UK challenger banks and fintechs are making moves to ensure their services will be available to customers in the European Union after Brexit.
Starling was granted a banking passport into the Republic of Ireland last year, while Revolut has begun the process of applying for an e-money licence in Luxembourg. “This ensures that Starling can bring its service to customers in European markets when the platform is ready to launch in Ireland and beyond,” a Starling spokesperson told bobsguide.
“Using the cross-border passport to extend into Ireland brings Starling Bank closer to fulfilling its aim of providing everyone in the world with the opportunity for a healthy financial life.”
Due to the uncertainty surrounding Brexit, Nikolay Storonsky, co-founder and chief executive of Revolut told the FT recently: “It takes us six months to get an e-money licence and so we have applied for one in Luxembourg – just to be on the safe side.”
However, many remain tight-lipped about how they are positioning themselves for Brexit.
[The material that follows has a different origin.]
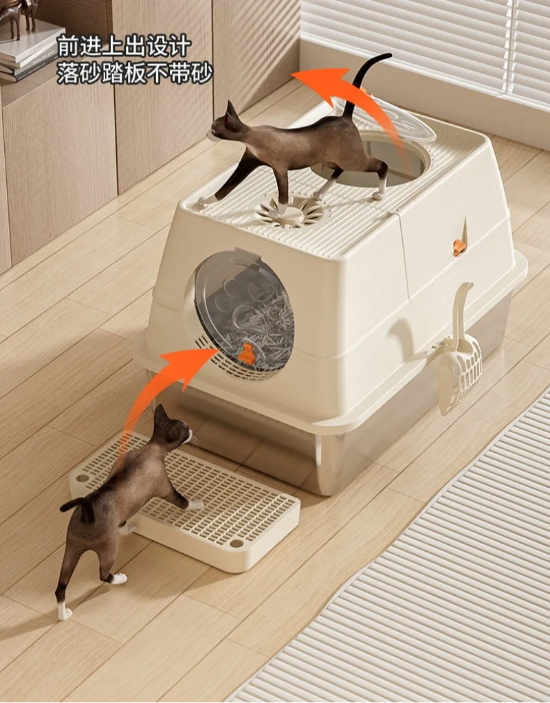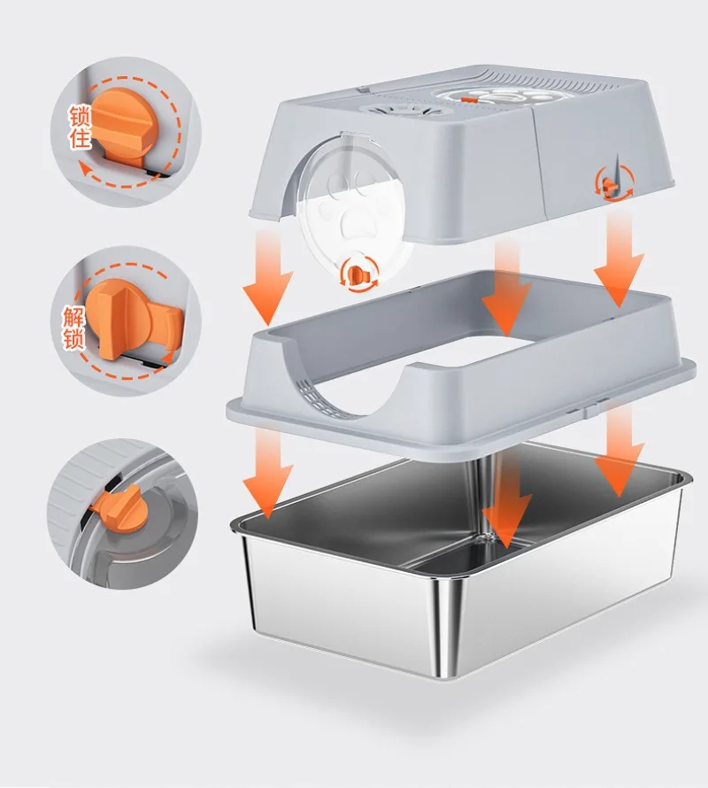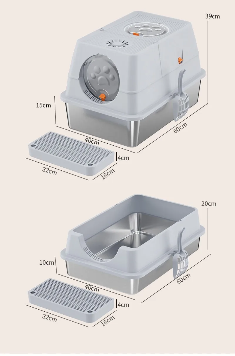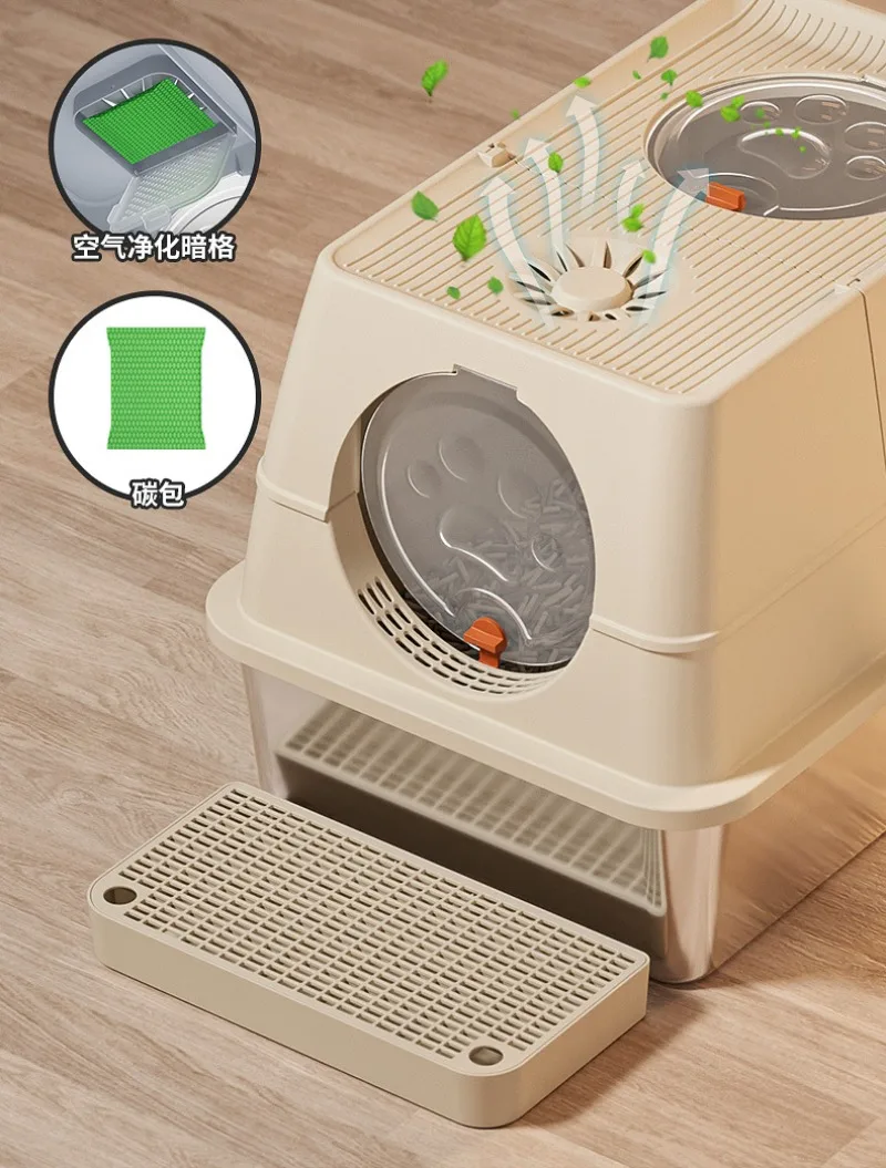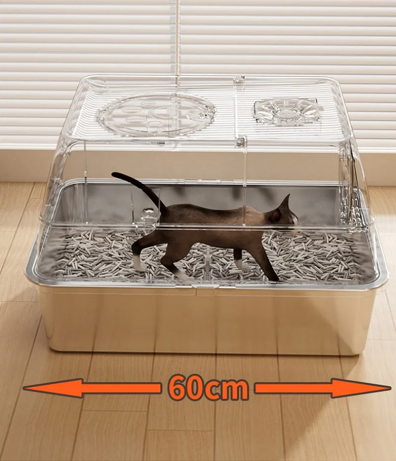 Caja de arena para gatos completamente cerrada de acero inoxidable, inodoro Extra grande a prueba de salpicaduras para gatos, productos de limpieza para mascotas, suministros, sartenes

Atom bank and Metro bank declined to comment on their Brexit preparations for this article.
On the fintech side, the concern as to whether the UK will remain its central hub in Europe remains unclear, despite the Government’s promise of £780m of extra funding for high-tech hubs, announced in early August.
Start-up TAINA solutions, which specializes in tax compliance, suggested Brexit could drive UK-based fintechs abroad.
“With geography, we are currently based in London, but most of my time is spent in the US,” says CEO Maria Scott. “Why the US? Because, the US moves much faster. Culturally, they are much more prepared to give new solutions a try, fail, and move on. They are more bullish than Europeans, in terms of trying new things. That’s why all our new customers are global institutions’ offices in the US.
However, while Scott acknowledges the US market moves much faster in terms of innovative developments, the UK’s current regulatory outlook is supportive of change.
“I think the UK, if you look at the regulatory jurisdiction, the regulatory framework, and the government support, there is a lot more here [in the UK] than anywhere else in the world.
“The Financial Conduct Authority (FCA) are so open and so helpful. They try to support us all. I don't know any other regulator in the world that does that. The Department of International Trade is brilliant. I would argue it's the best in its class for government support.”
EyesClear CEO Erkin Oksel, told bobsguide he expected issues to be ironed out: “I don’t believe that anyone is going to create an ecosystem where we won’t be able to sell to Europe, or where Europe won’t be able to sell to the UK.
“In terms of human resources and physical aspects, even before Brexit I was flexible about that subject. We will need to have a presence close to our clients in the geographic that we operate. It doesn’t matter if it is in the EU.”